» DATA LISTING:
########

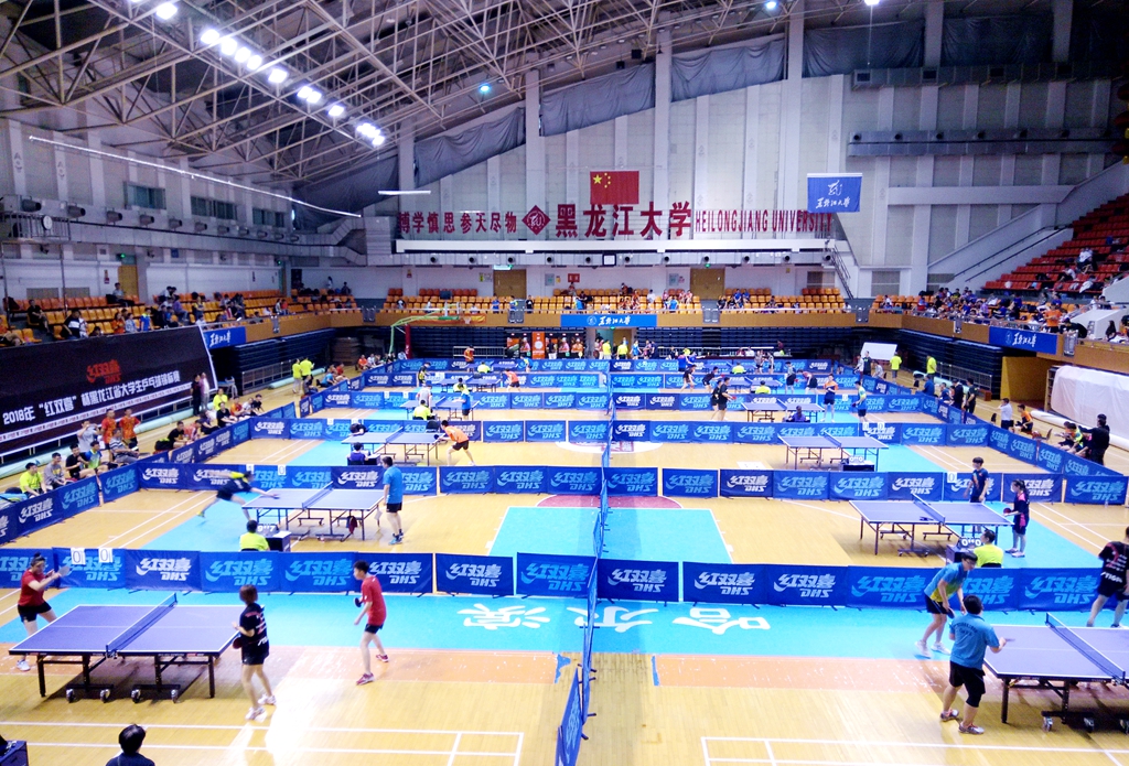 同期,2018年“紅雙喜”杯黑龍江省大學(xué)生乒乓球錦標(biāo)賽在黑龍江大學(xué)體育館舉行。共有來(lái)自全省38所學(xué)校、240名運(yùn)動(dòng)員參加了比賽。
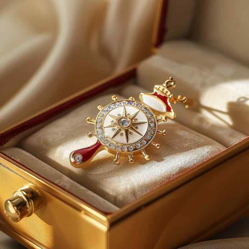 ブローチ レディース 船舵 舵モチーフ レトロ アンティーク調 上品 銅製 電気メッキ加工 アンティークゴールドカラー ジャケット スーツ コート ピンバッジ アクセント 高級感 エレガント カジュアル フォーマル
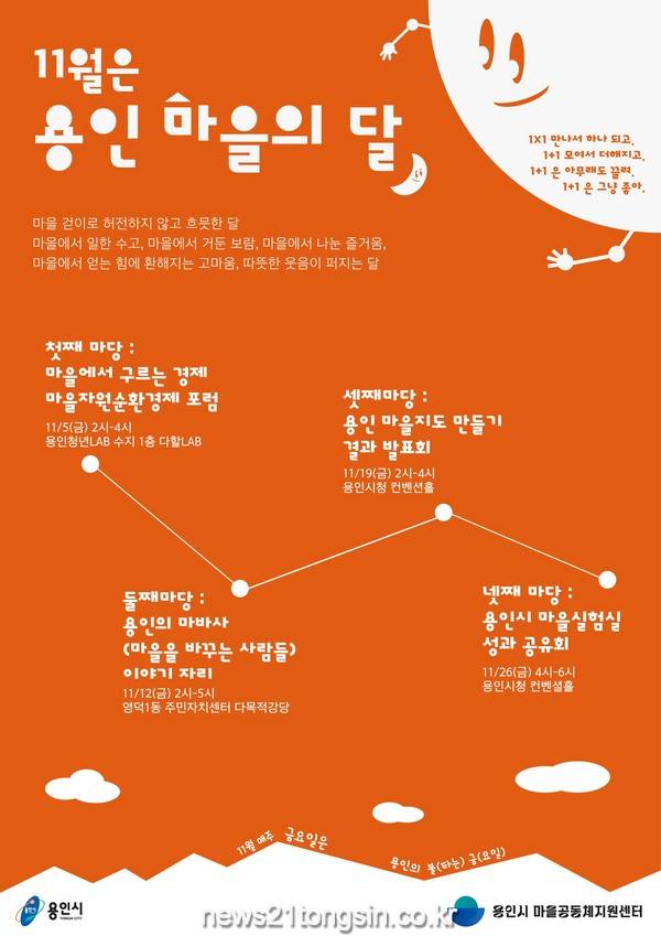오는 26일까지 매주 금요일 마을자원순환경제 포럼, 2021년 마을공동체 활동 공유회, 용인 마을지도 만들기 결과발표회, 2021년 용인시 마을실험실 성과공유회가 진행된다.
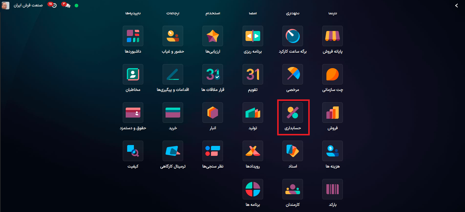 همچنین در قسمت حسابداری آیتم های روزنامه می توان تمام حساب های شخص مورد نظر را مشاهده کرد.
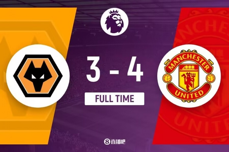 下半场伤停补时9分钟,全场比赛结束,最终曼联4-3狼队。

########

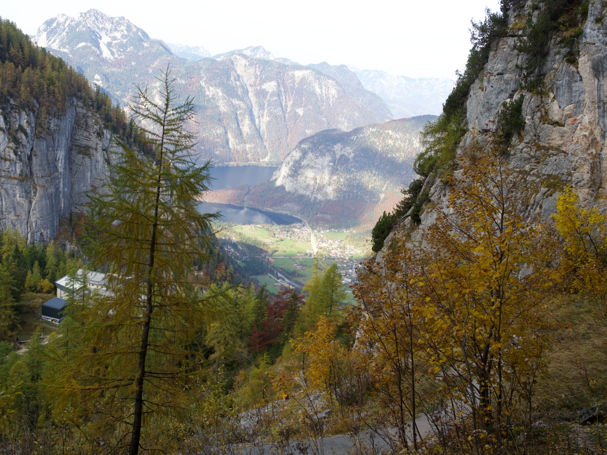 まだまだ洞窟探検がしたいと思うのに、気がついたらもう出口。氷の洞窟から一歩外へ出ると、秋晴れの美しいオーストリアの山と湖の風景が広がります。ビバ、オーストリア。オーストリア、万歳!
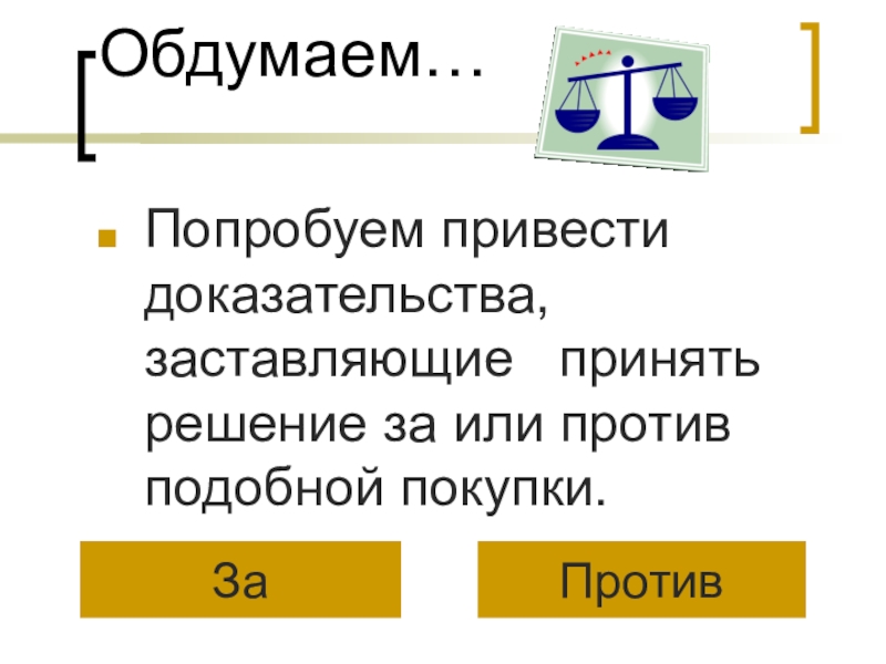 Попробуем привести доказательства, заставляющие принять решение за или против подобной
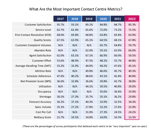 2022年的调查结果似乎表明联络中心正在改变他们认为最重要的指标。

########

» WHAT YOU ARE ASKED TO DO: Would you set down only the lines above from the line with "ブローチ レディース 船舵" to the line with "오는 26일까지 매주", both included, exactly as they stand and without the pictures?

» RESULT FOR THIS TASK:
 ブローチ レディース 船舵 舵モチーフ レトロ アンティーク調 上品 銅製 電気メッキ加工 アンティークゴールドカラー ジャケット スーツ コート ピンバッジ アクセント 高級感 エレガント カジュアル フォーマル
오는 26일까지 매주 금요일 마을자원순환경제 포럼, 2021년 마을공동체 활동 공유회, 용인 마을지도 만들기 결과발표회, 2021년 용인시 마을실험실 성과공유회가 진행된다.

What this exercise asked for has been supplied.